Jeanne Hersch (13 July 1910 – 5 June 2000) was a Swiss philosopher of Polish-Jewish origin, whose works dealt with the concept of freedom. She was the daughter of Liebman Hersch.

== Education and career ==
Hersch was born in 1910 in Geneva, Switzerland. She later studied under the existentialist Karl Jaspers in Germany in the early 1930s. She taught French, Latin, and Philosophy in the International School of Geneva, the world's first international school, for 33 years (1933–1956).

She was secretary of the Central Committee of the Association of Friends of Republican Spain (Association des Amis de l'Espagne républicaine), which she founded with André Oltramarre on September 15, 1936, in Geneva, shortly after the start of the Spanish Civil War. The association had a dual purpose: providing informations and material assistance.

From 1942 to 1946, she participated in the doctoral colloquium of the philosopher Paul Häberlin, the predecessor of Karl Jaspers, at the University of Basel. Häberlin's Lucerna Foundation supported her doctoral thesis with a scholarship.

In 1956, she was appointed to a professorship at the University of Geneva, one of the first women to hold such a post at a Swiss university, holding the post until 1977. From 1966 to 1968, Hersch headed the philosophy division of UNESCO and was a member of its executive commission from 1970 to 1972.

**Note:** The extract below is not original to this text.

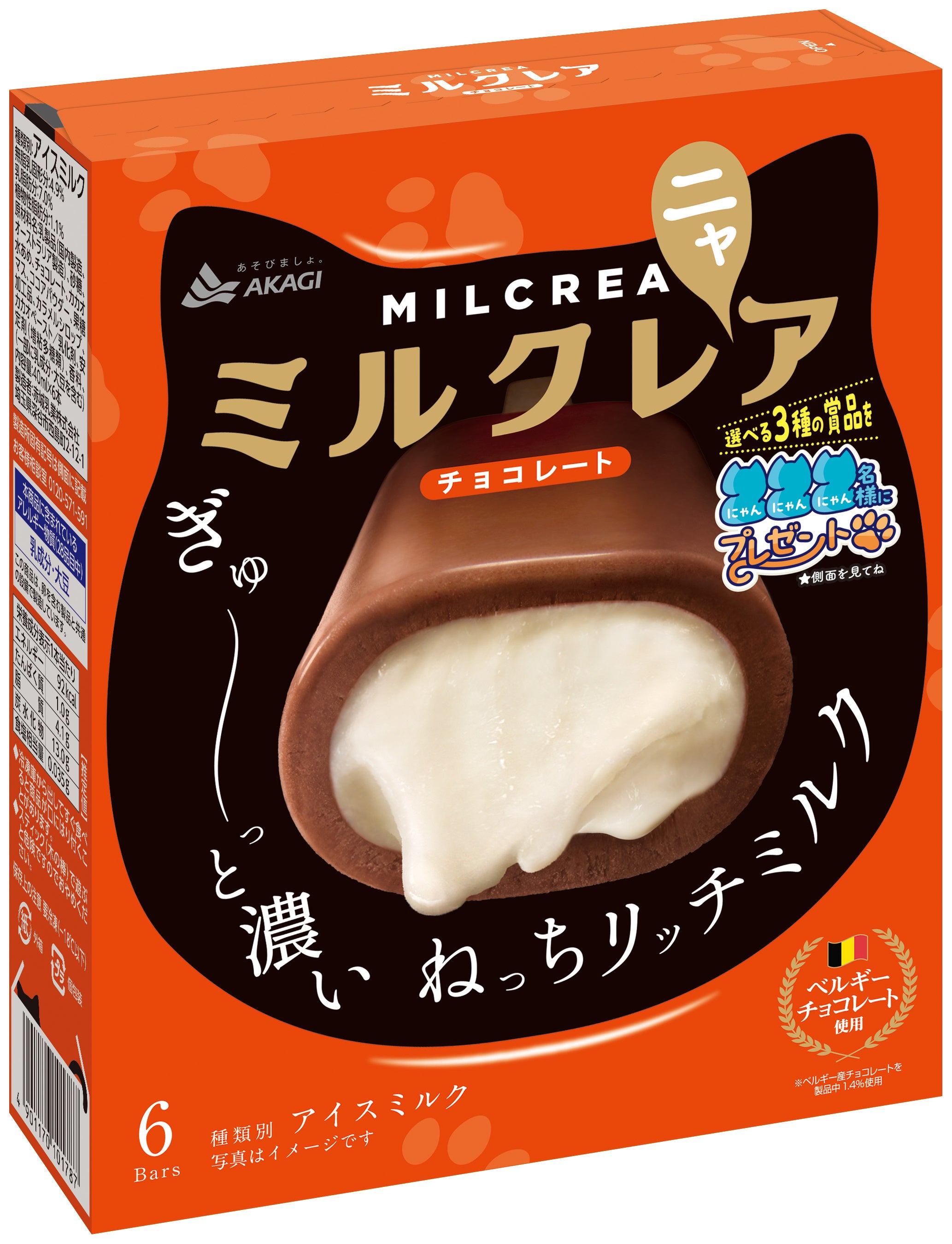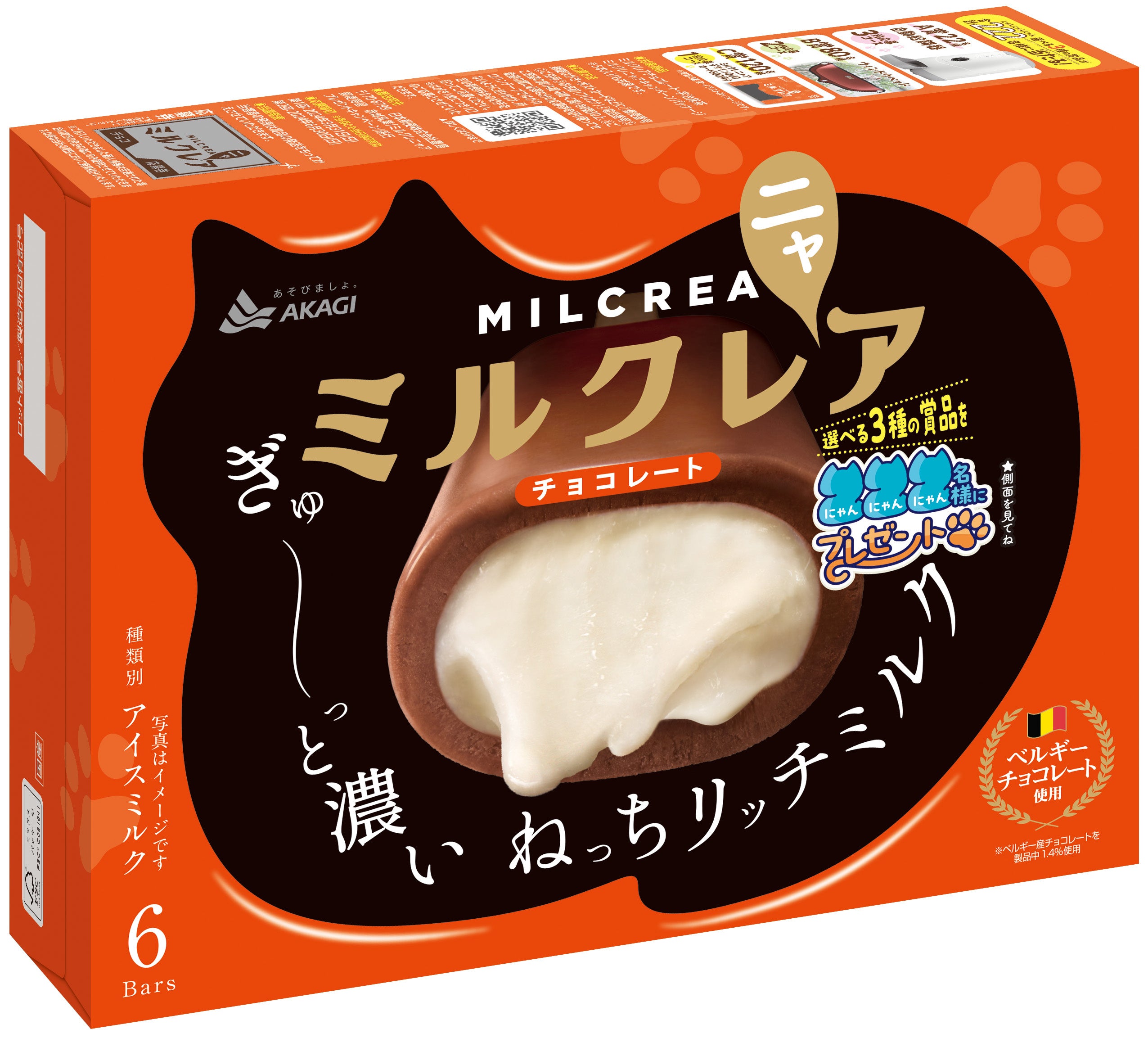 ミルクレア(MILCREA)は、ねっちりとした食感と濃厚な味わいが特徴のミルクアイスを、チョコレートアイスまたは宇治抹茶アイスで包み込んだ商品です。今回、「チョコレート」と「宇治抹茶」の味わいを追求し、ぎゅ~っと濃いねっちリッチミルクの美味しさを、より引き立てるリニューアルを行いました。
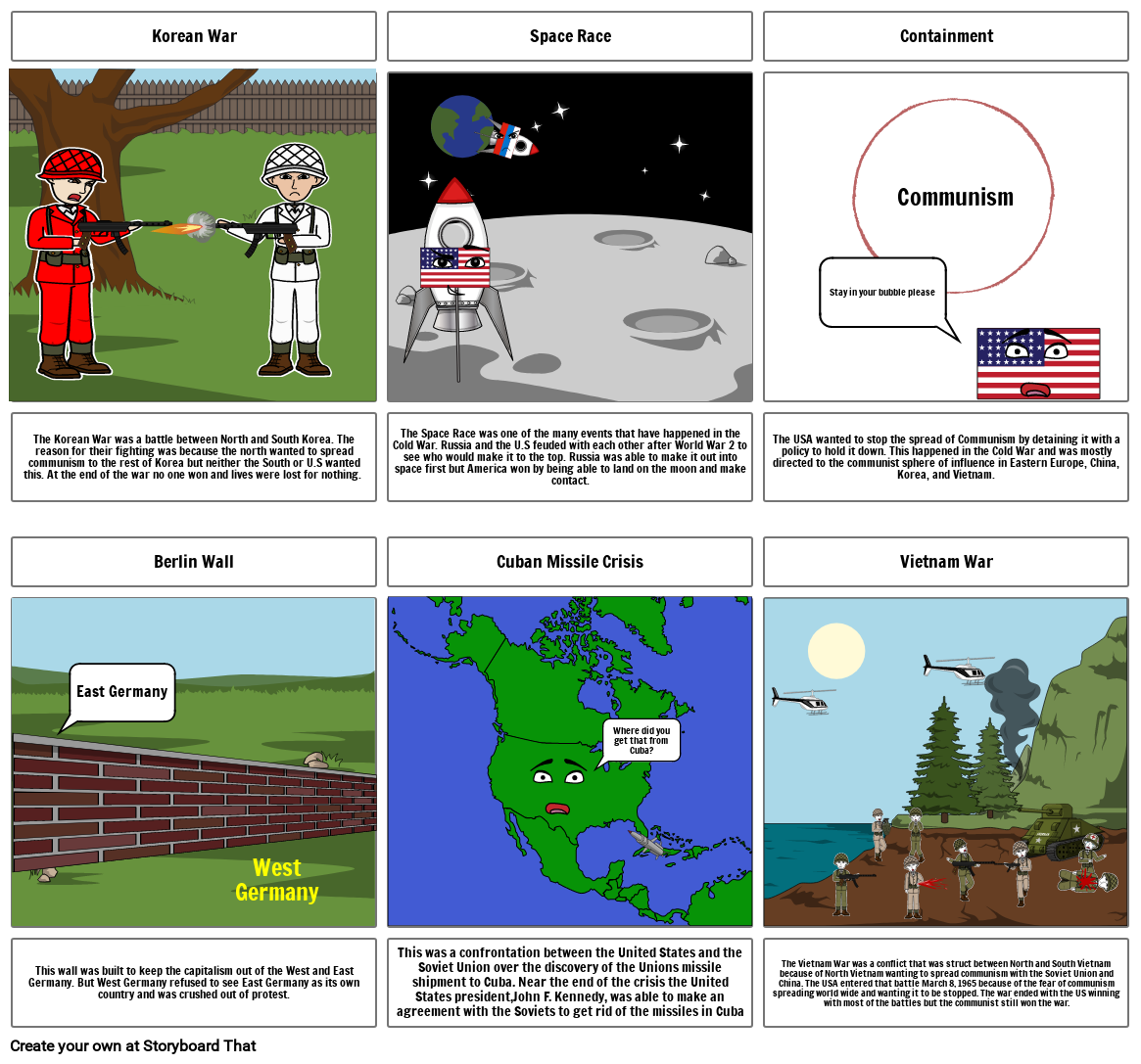 The Vietnam War was a conflict that was struct between North and South Vietnam because of North Vietnam wanting to spread communism with the Soviet Union and China. The USA entered that battle March 8, 1965 because of the fear of communism spreading world wide and wanting it to be stopped. The war ended with the US winning with most of the battles but the communist still won the war.

In 1968 she edited Le droit d'être un homme, une anthologie mondiale de la liberté in French (translated in English in 1969 as Birthright of Man: A Selection of Texts and also in Greek as Το δικαίωμα να είσαι άνθρωπος), an anthology of writings on human rights, republished in French in 1984 and 1990.

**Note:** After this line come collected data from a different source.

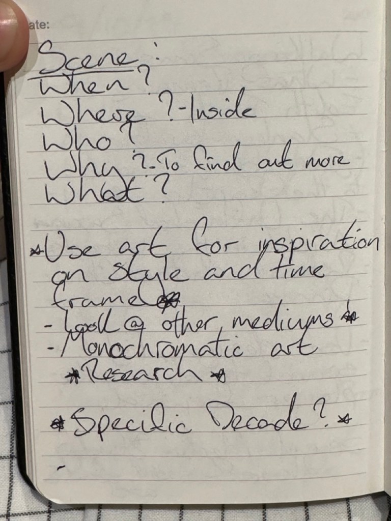 For my scene, I will be doing a linear narrative walking sim with a monochromatic colour scheme; what I now need to figure out is the art style of the scene, the story of the scene and everything that comes along with that.
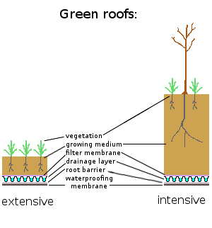 옥상 녹화는 식재 기반의 깊이와 유지 관리의 필요성에 따라 집약형, 반집약형, 광범위형으로 분류할 수 있다. 광범위형 옥상 녹화는 전통적으로 10psf에서 25psf의 식물을 지지하는 반면[47], 집약형 옥상 녹화는 80psf에서 150psf의 식물을 지지한다.[48] 큰 식물이나 일반 잔디를 재배하기 위해 상당한 깊이의 토양이 필요한 전통적인 옥상 정원은 관개, 비료 공급 및 기타 유지 관리가 필요하므로 노동 집약적인 것으로 간주되어 집약형으로 분류된다. 집약형 옥상은 접근이 용이하고 주방 허브에서 관목 및 소형 나무에 이르기까지 모든 것을 포함할 수 있는 공원과 같은 형태를 띤다.[49]
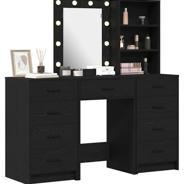 - Effektiv LED-belysning Med flexibla LED-remsor ger detta sminkbord precis rätt ljus, perfekt för sminkning även när det är mörkt. Det är verkligen bra för detaljerad grooming, vilket gör det till en praktisk sminkplats.

In the 1970s, as Professor Emeritus at the University of Geneva, Jeanne Hersch attempted to prevent Jean Ziegler's appointment as full professor of sociology, questioning his intellectual rigor and denouncing his partisan stances. Following her death, the future United Nations Special Rapporteur on the Right to Food paid tribute to her by declaring:

Most professors are relics of the past, but not Jeanne Hersch, who was an extraordinary woman, particularly for her passion for debate. I have immense respect for her great intelligence. She was one of the greatest philosophers Switzerland has ever known and an exceptional professor, whose opinions I completely disagreed with.
— Vincent Monnet, Campus, no 99, 2010, p. 33

In 1987, she received the Einstein Medal.

== Honors and awards ==

- 1936: Prix Amiel (Amiel Prize) from the University of Geneva for her first book L'illusion philosophique.
- 1941: Prix littéraire de la Guilde du Livre (Book Guild's Literary Prize) for her novel Temps alternés
- 1947: Prix Adolphe Neuman d'esthétique et de morale (Adolphe Neuman Prize of aesthetics and morals)
- 1970: Ida-Somazzi-Preis

==Bibliography==

- Emmanuel Dufour-Kowalski Présence dans le Temps, L'Âge d'Homme Editions, Lausanne, 1999.